**Work instruction**
For each line below, return an exact copy.
^^^^^^^^
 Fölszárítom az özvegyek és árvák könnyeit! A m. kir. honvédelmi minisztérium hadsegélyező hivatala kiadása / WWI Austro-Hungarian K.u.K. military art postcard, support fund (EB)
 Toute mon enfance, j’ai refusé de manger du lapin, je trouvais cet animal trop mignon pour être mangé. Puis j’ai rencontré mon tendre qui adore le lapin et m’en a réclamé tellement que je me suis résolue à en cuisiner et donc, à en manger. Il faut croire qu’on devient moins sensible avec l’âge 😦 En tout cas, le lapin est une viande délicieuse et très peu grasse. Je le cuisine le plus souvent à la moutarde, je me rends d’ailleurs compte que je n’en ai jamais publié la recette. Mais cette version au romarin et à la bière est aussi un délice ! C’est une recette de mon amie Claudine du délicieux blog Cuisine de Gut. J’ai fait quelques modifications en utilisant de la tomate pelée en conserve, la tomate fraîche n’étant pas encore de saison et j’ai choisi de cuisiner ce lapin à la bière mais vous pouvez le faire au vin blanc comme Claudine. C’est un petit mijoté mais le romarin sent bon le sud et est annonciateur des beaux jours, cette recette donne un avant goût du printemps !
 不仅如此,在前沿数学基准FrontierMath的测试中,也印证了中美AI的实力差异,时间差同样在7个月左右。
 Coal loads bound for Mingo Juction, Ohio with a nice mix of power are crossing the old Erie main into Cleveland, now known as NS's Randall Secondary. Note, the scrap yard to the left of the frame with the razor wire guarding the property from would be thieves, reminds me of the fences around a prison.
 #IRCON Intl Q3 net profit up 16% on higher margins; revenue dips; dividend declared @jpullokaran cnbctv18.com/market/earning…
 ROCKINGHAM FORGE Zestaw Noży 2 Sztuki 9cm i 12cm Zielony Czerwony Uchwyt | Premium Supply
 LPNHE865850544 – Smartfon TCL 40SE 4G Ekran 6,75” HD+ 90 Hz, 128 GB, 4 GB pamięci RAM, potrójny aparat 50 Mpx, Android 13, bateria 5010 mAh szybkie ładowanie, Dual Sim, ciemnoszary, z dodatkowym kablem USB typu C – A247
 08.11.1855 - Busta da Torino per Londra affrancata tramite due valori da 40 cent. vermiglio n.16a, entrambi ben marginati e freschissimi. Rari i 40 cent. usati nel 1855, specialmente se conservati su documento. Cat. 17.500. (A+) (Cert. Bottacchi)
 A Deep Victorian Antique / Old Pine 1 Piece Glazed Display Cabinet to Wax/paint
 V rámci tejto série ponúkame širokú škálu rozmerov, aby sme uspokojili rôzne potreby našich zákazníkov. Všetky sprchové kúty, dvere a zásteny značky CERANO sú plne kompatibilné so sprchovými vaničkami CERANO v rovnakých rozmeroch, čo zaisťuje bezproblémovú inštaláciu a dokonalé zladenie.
^^^^^^^^
**Exercise answer**
 Fölszárítom az özvegyek és árvák könnyeit! A m. kir. honvédelmi minisztérium hadsegélyező hivatala kiadása / WWI Austro-Hungarian K.u.K. military art postcard, support fund (EB)
 Toute mon enfance, j’ai refusé de manger du lapin, je trouvais cet animal trop mignon pour être mangé. Puis j’ai rencontré mon tendre qui adore le lapin et m’en a réclamé tellement que je me suis résolue à en cuisiner et donc, à en manger. Il faut croire qu’on devient moins sensible avec l’âge 😦 En tout cas, le lapin est une viande délicieuse et très peu grasse. Je le cuisine le plus souvent à la moutarde, je me rends d’ailleurs compte que je n’en ai jamais publié la recette. Mais cette version au romarin et à la bière est aussi un délice ! C’est une recette de mon amie Claudine du délicieux blog Cuisine de Gut. J’ai fait quelques modifications en utilisant de la tomate pelée en conserve, la tomate fraîche n’étant pas encore de saison et j’ai choisi de cuisiner ce lapin à la bière mais vous pouvez le faire au vin blanc comme Claudine. C’est un petit mijoté mais le romarin sent bon le sud et est annonciateur des beaux jours, cette recette donne un avant goût du printemps !
 不仅如此,在前沿数学基准FrontierMath的测试中,也印证了中美AI的实力差异,时间差同样在7个月左右。
 Coal loads bound for Mingo Juction, Ohio with a nice mix of power are crossing the old Erie main into Cleveland, now known as NS's Randall Secondary. Note, the scrap yard to the left of the frame with the razor wire guarding the property from would be thieves, reminds me of the fences around a prison.
 #IRCON Intl Q3 net profit up 16% on higher margins; revenue dips; dividend declared @jpullokaran cnbctv18.com/market/earning…
 ROCKINGHAM FORGE Zestaw Noży 2 Sztuki 9cm i 12cm Zielony Czerwony Uchwyt | Premium Supply
 LPNHE865850544 – Smartfon TCL 40SE 4G Ekran 6,75” HD+ 90 Hz, 128 GB, 4 GB pamięci RAM, potrójny aparat 50 Mpx, Android 13, bateria 5010 mAh szybkie ładowanie, Dual Sim, ciemnoszary, z dodatkowym kablem USB typu C – A247
 08.11.1855 - Busta da Torino per Londra affrancata tramite due valori da 40 cent. vermiglio n.16a, entrambi ben marginati e freschissimi. Rari i 40 cent. usati nel 1855, specialmente se conservati su documento. Cat. 17.500. (A+) (Cert. Bottacchi)
 A Deep Victorian Antique / Old Pine 1 Piece Glazed Display Cabinet to Wax/paint
 V rámci tejto série ponúkame širokú škálu rozmerov, aby sme uspokojili rôzne potreby našich zákazníkov. Všetky sprchové kúty, dvere a zásteny značky CERANO sú plne kompatibilné so sprchovými vaničkami CERANO v rovnakých rozmeroch, čo zaisťuje bezproblémovú inštaláciu a dokonalé zladenie.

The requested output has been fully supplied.